Lorsqu'il était premier ministre, Jacques Chirac avait fait savoir qu'il était hostile à cette réforme, de peur de voir le maire de Paris venir contester l'autorité du chef de gouvernement. Mais une fois qu'il a démissionné de son poste de premier ministre, il a vite compris que la mairie de Paris pouvait être une vitrine importante et un instrument de sa reconquête du pouvoir. C'est donc en toute logique qu'il se présente aux premières élections municipales de Paris en 1977. Du côté des Giscardiens, c'est un proche du président, Michel d'Ornano, qui présente sa candidature en l'annonçant du palais de l'Elysée pour bien montrer que c'était le candidat du président. La campagne électorale se déroule dans un climat très violent entre chiraquiens et giscardiens. Finalement, Jacques Chirac sort vainqueur de cette bataille et est élue maire de Paris le 25 mars 1977.
Face au renouvellement du mouvement gaulliste et à l'hostilité affichée de Jacques Chirac, Giscard d'Estaing est obligé de réagir. Puisqu'il n'avait pu « giscardiser » le parti gaulliste de l'UDR, il lui fallait donc créer son propre parti. Avant la création de ce nouveau parti, Giscard d'Estaing souhaitait d'abord en fixer les principales idées, une base théorique. C'est la raison pour laquelle il publie en octobre 1976 un manifeste politique sous le titre de Démocratie Française. C'est la première fois dans l'histoire de la Ve République qu'un président en exercice publie un livre. Très vite, l'ouvrage est un succès d'édition puisque plus de 800 000 exemplaires ont été vendues en l'espace de quelques semaines. Dans cet ouvrage, il défend une société démocratique moderne, où l'exercice du pouvoir se fait dans la transparence, avec une économie performante et une croissance qui profite à tous, et notamment à la classe moyenne.
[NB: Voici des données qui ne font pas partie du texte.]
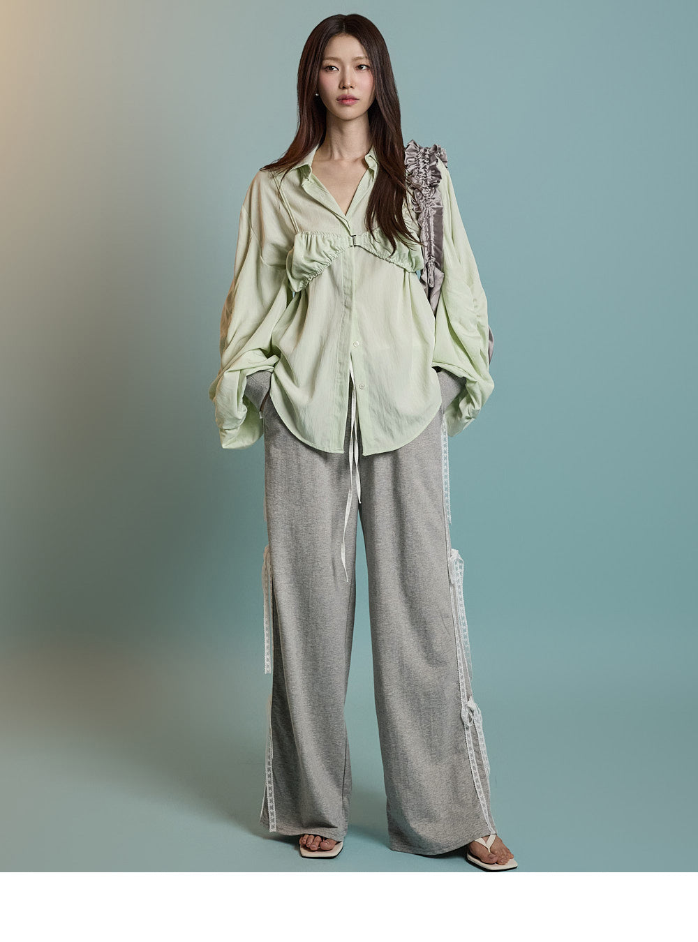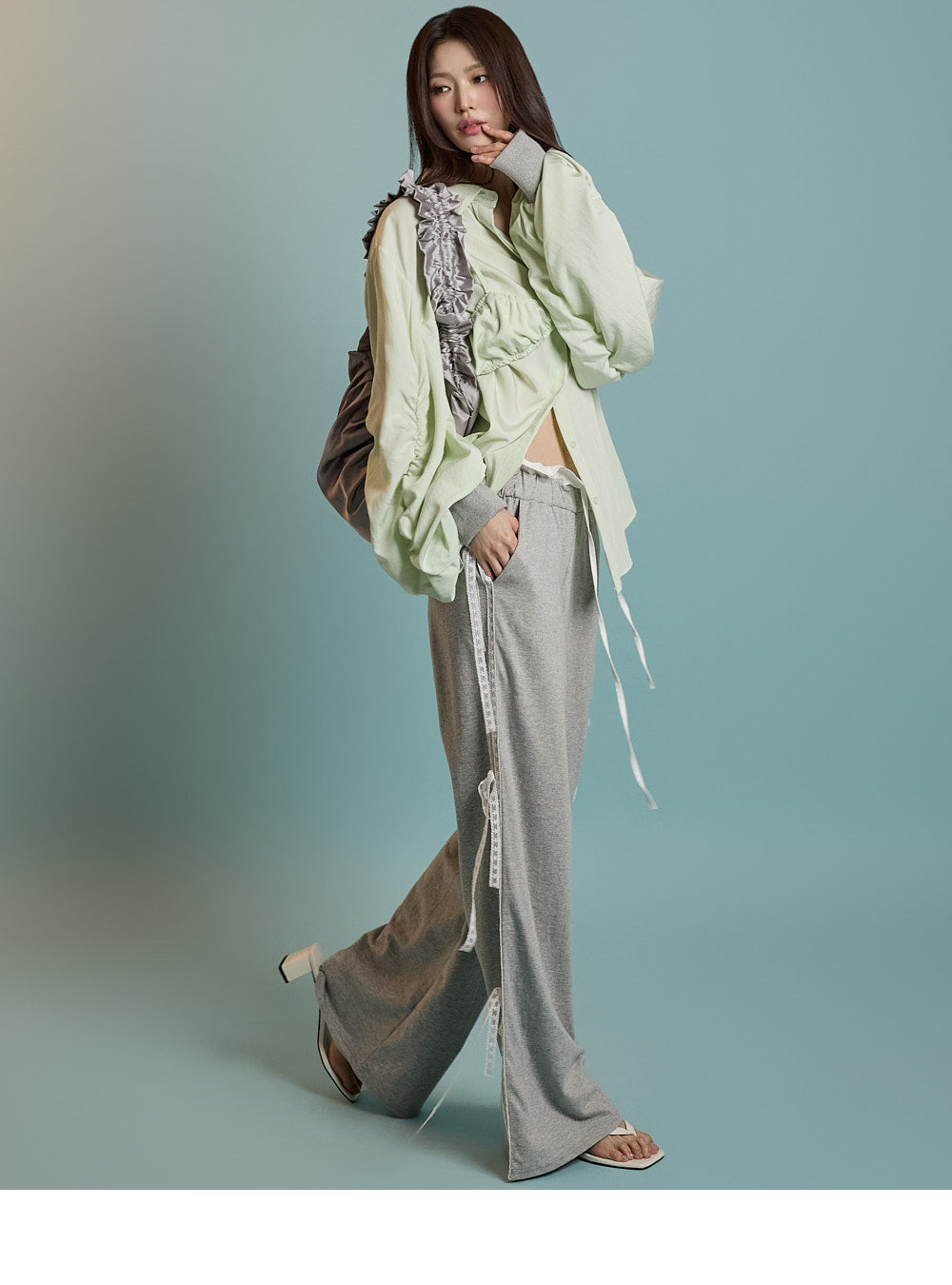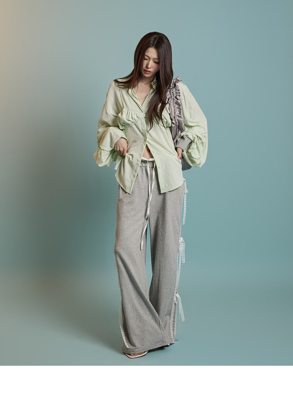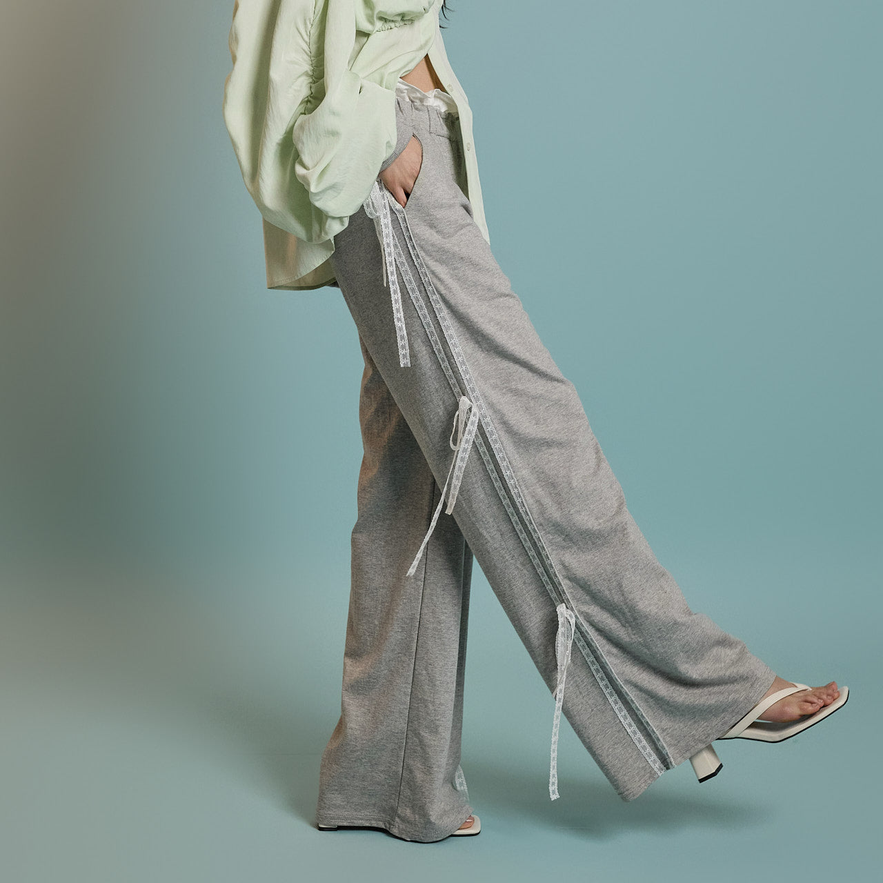 Lace ribbon details on the sides add a unique touch.
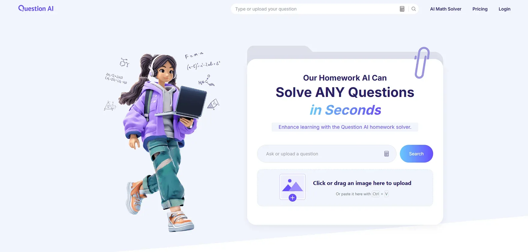 Question AI is a platform that stands out for being both simple and effective. You won’t be interrupted by ads or required to fill out forms. A key feature is its ability to solve problems by analyzing pictures, offering both solutions and explanations.
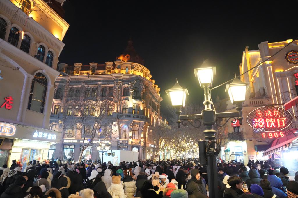 哈爾濱百年老街中央大街人頭攢動。新華社記者王建威攝
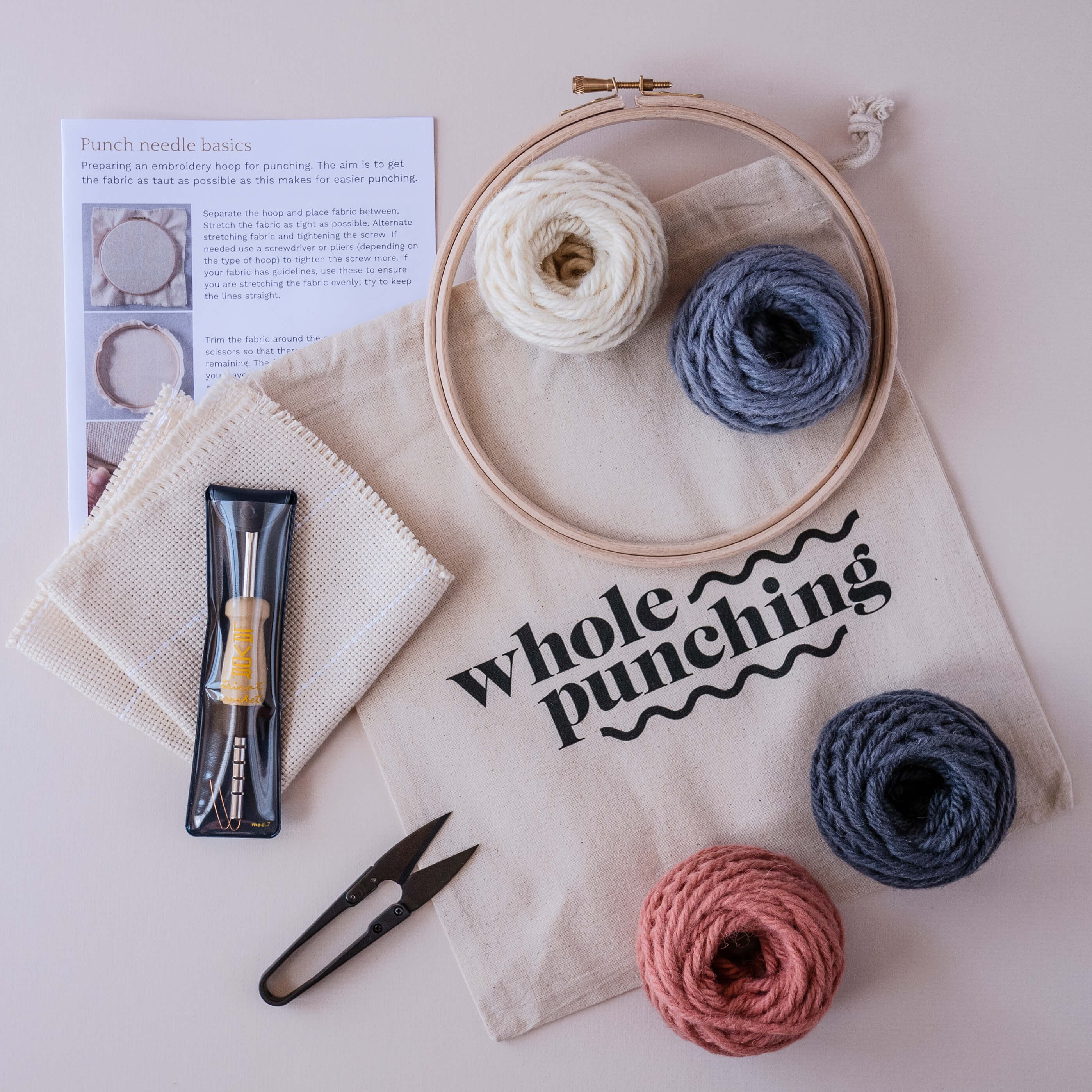 DIY chunky punch needle kit with 100% wool yarn
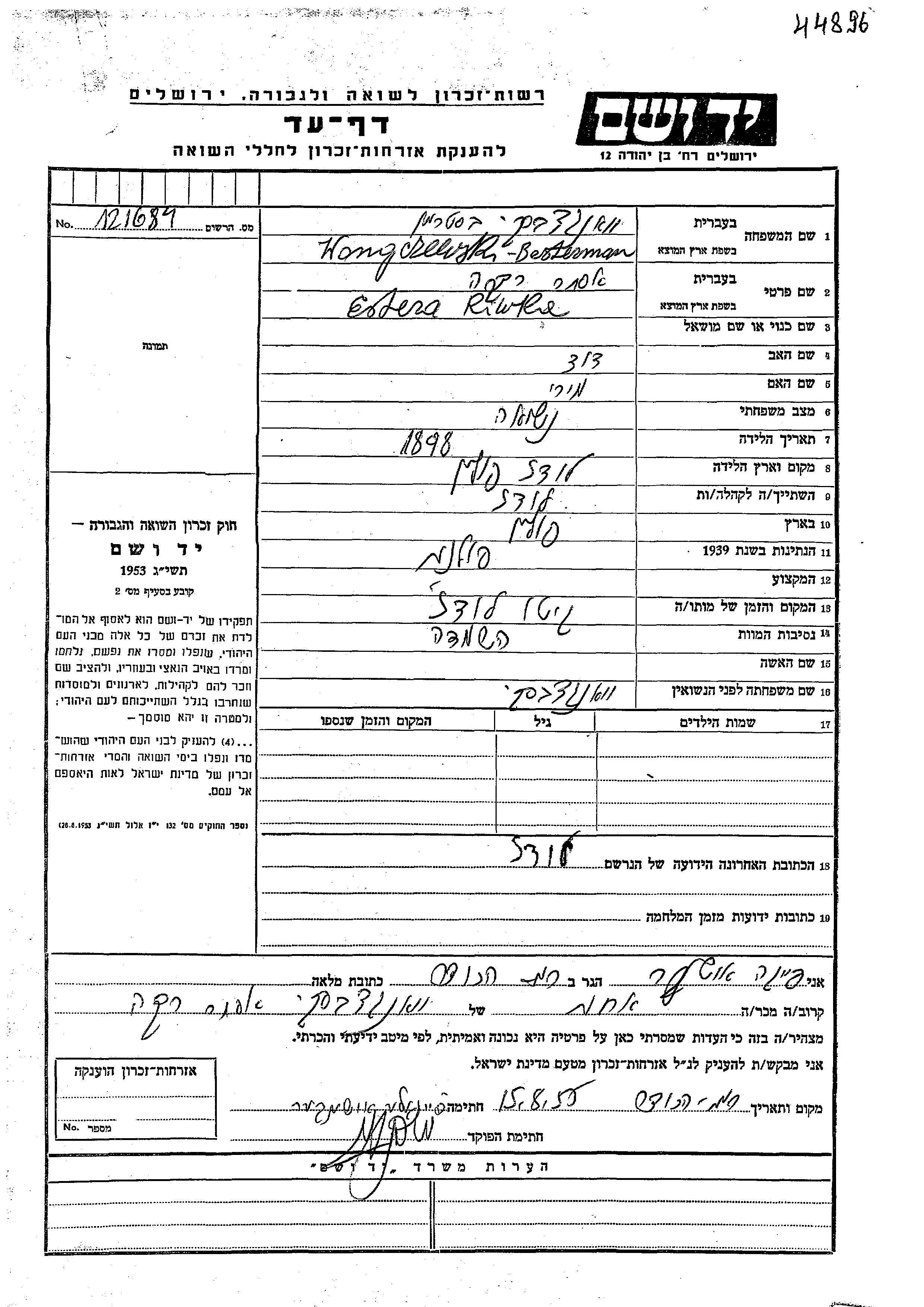 Estera Riwke בסטרמן לבית Wangczewski נולדה בLodz שבפולין בשנת 1898 לדוד ומירי. היא היתה נשואה. לפני מלחמת העולם השניה התגוררה במקום לא רשום. בזמן המלחמה היא היתה בLodz שבפולין. היא נרצחה בשואה. מקום המוות: Lodz שבפולין.

Les principales valeurs à défendre sont donc la démocratie, la liberté par le biais d'une politique économique et sociale rassurante, et une politique étrangère dont tous les efforts doivent être concentrés dans la construction européenne.
Les principales valeurs étant fixées, il lui faut alors créer la structure politique. Lors de son élection en 1974, il s'était appuyé sur le petit groupe des Républicains Indépendants. Mais c'était insuffisant pour tenter de rivaliser avec le mouvement gaulliste. L'idée originale de Giscard d'Estaing est donc de tenter de fédérer différents groupes centristes et libéraux déjà existants : les clubs « Perspectives et Réalités », le Centre des Démocrates Sociaux (CDS) de Jean Lecanuet, le parti radical de Jean-Jacques Servan-Schreiber et les Républicains Indépendants qui se sont retroupés au sein du Parti Républicain (PR). Toutes ces formations politiques se regroupent au sein d'une fédération en février 1978, appelée l'UDF (Union pour la Démocratie Française) qui rappelle le titre de l'ouvrage de Giscard d'Estaing.